Игра с природой

Ольга Велейко
Заглядывать в чужие окна стыдно, стыдно, стыдно! Но интересно, правда? Что? Вы поджали строго губы, и в глазах укоризна? "Да как вы можете?! Это неприлично! Я никогда…" Действительно – никогда? Никогда-никогда? Даже мельком, случайно, мгновенно одернув себя и отвернувшись? Тогда самое время начинать.

Пройдем на мой балкон! Располагайтесь. Вино какой страны вы предпочитаете в это время суток? Ах, пардон, это уже где-то было… Тогда коньяк! Цвета свежего меда, влитого в расплавленный янтарь. Согреем в руке… М-м, великолепный купаж! Нет-нет, никакого лимона, он убьет вкус! Расслабьтесь. Сегодня чудный вечер, вы не находите?

Дом напротив – театр со множеством освещенных сцен. Вот на той идет пьеса под названием "Белка в колесе", на этой – "Одиночество", а там – "In vino veritas". А теперь посмотрите туда… нет, левее… еще левее… Парень с ноутбуком, девушка у окна – видите? Это Марк и Мария. Уже давно они разыгрывают спектакль, название которому трудно подобрать. Более того – я не могу определить его жанр. Но сегодня следующий акт. Посмотрим вместе?

Откушенная с правого бока луна хитро скосила кошачий глаз; лунные зайчики-шпионы замерли в слюдяных кляксах луж, в антрацитовой глубине кофейной чашки, стоящей на подоконнике. (Кофе на ночь? Весьма опрометчиво с твоей стороны, Мари…)

- Сегодня наблюдала одну картину… - Зайчики в чашке вздрагивают и несутся к мягкому зеву с каймой недоеденной помады. Глоток – и они возвращаются на подоконник, избегнув на сей раз гибели. – Марик, ты слушаешь?

- Слушаю.

- О чем же я говорила?

- Ты наблюдала картину. Я слушаю, продолжай.

- Я не могу говорить, когда ты пялишься в монитор.

Марк закрывает ноутбук, откидывается на спинку кресла:

- Уже не пялюсь, продолжай.

Грозные стрелы ресниц совершают ритуальный батман глис - в угол, на нос, на предмет, - означив им, однако, не кокетство, а переход к серьезному разговору.

- В нашем дворе играли дети; девочка лет двенадцати высоко раскачалась на качелях.
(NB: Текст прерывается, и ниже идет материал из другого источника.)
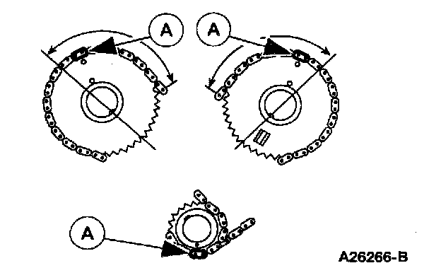 Make sure that the (A) copper marks on the timing chain/belt are lined up with the corresponding dots on the crankshaft sprockets and the camshaft sprocket.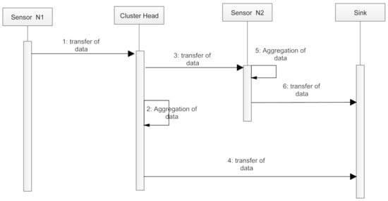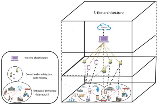 Figure 3 presents our proposed heterogeneous LS-WSN architecture model. The peculiarity of the three-tier architecture that we propose compared to those already existing in the literature [33,34], is that the first two levels of the architecture are built on a set of clusters with a well-defined communication strategy.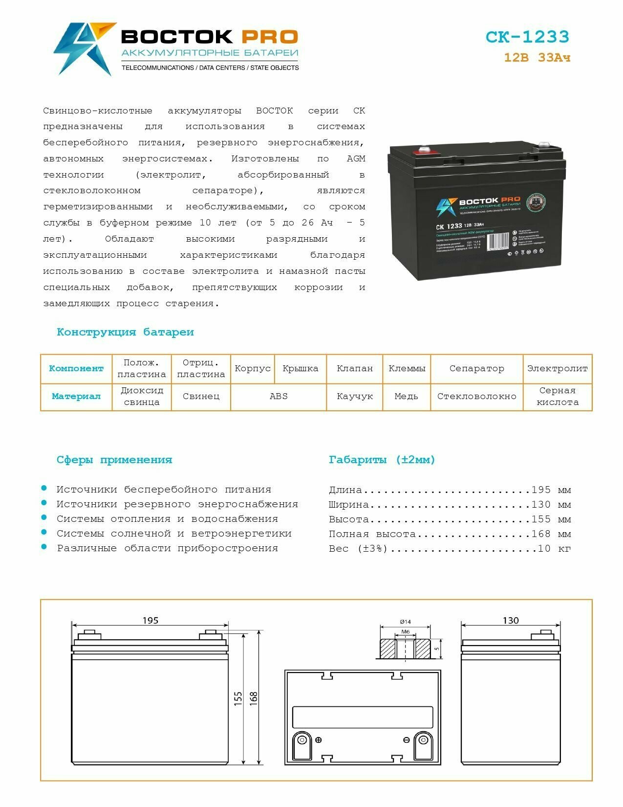 Аккумуляторная батарея Delta (восток СК) СК 1233 12В/33Ач, клемма Болт + гайка Ø 5,5 мм (195х130х155мм (168мм); 10кг) интересное:

Она стояла на качельной доске в полный рост, подсекая спичечные ножки при движении вперед и выпрямляя при возвращении назад. Ее юбочка полыхала пестрым туземным флагом, то открывая розовые трусики, то пряча их. А на скамейке напротив сидели двое мальчиков того же возраста. Их наблюдательный пункт был удобен, и ребята, несомненно, получали удовольствие. Маленькие наглецы не приглушали голосов – их комментарии мячиками отскакивали от стен окружающих домов. Я все ждала и ждала, что девочка застыдится и остановит свою игру в "покажу – не покажу". Однако зазывные взмахи неуёмной юбочки продолжались… Ужасно, да?
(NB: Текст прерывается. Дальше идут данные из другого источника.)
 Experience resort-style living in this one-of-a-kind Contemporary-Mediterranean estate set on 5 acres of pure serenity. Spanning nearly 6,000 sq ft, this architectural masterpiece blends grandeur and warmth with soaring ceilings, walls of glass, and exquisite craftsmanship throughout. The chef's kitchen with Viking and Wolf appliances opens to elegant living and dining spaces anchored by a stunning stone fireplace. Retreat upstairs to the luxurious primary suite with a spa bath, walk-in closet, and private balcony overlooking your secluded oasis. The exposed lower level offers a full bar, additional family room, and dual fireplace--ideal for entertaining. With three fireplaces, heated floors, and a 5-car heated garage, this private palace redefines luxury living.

Марик заламывает смуглые худые руки за голову, курчавый затылок трется о ладони.

- Всего лишь смутное брожение пробуждающегося полового инстинкта. Природа.

- Да? А по-моему, отвратительная сцена. Ведь это были дети! Подразумевается – невинные ангелы. Но эти "ангелы", - Мария давит голосом на последнее слово, закавычив его движением пальцев, - заражены. Та девочка уже не целомудренна – она вела себя так, будто была бы рада оказаться вовсе без трусиков! (Фи, Мари, что за фантазии?!)

- Марусенька, оставим Богу божье, а сапожнику сапожье. Нам кто-то запрещает жить так, как мы хотим? Нет. Так давай проявим ответную терпимость.

Мария дергает плечиком, ресницы прокалывают черноту заоконья. Снова открывая ноутбук, Марк поспешно прогоняет с губ улыбку.

А пока длится пауза, даю реплику, как пишут в пьесах, "в сторону". (Еще коньячку? Извольте. И кусочек шоколада под язык, пожалуйста!)

Итак. Вероятно, разговор Марка и Марии показался вам странным. Особенно непонятными, скорее всего, вы сочли слова об "ответной терпимости", да? Что имеет в виду Марк? О, это любопытная история! Дело в том, что отношения наших героев несколько необычны и даже экстравагантны.  Марк и Мария – молодые супруги, но в их жизни нет места для интимной жизни (громы, молнии и тьмы беспощадных критиков на мою голову за столь нелитературный, громоздкий словооборот!). Прошу заметить: "нет места" – не в прямолинейном смысле, поскольку отдельная жилплощадь и двуспальная кровать с ранфорсовым постельным бельем имеются. Прошу заметить и вот что: не спешите подозревать какой-либо физиологической неполноценности у милого Марика или красавицы Мари – они вполне здоровы. Просто та сторона отношений между мужчинами и женщинами, в которой мы черпаем радость и удовольствие, этим ребятам кажется глупым и бессмысленным актом. Что в этом от их своеобразной внутренней правды, что – от позы и протеста, судить трудно. Однако Марк и Мария даже не целуются –  вот так-то…

Но мы с вами отвлеклись, а меж тем кофейная чашка Марии опустела, лунные шпионы отправились зондировать укромные уголки, ало-атласные складчатые полости и извивы девичьего организма, а сама Мари говорит о чем-то очень серьезном.

- Терпимость… - Подушечка пальца сплющивается о стекло окна, отпечатав папиллярный лабиринт (Ау, Минотавр, где ты?! Не сожрешь ли ты того, кто решится поискать из него выход?). – И никто не запрещает нам жить, как мы хотим…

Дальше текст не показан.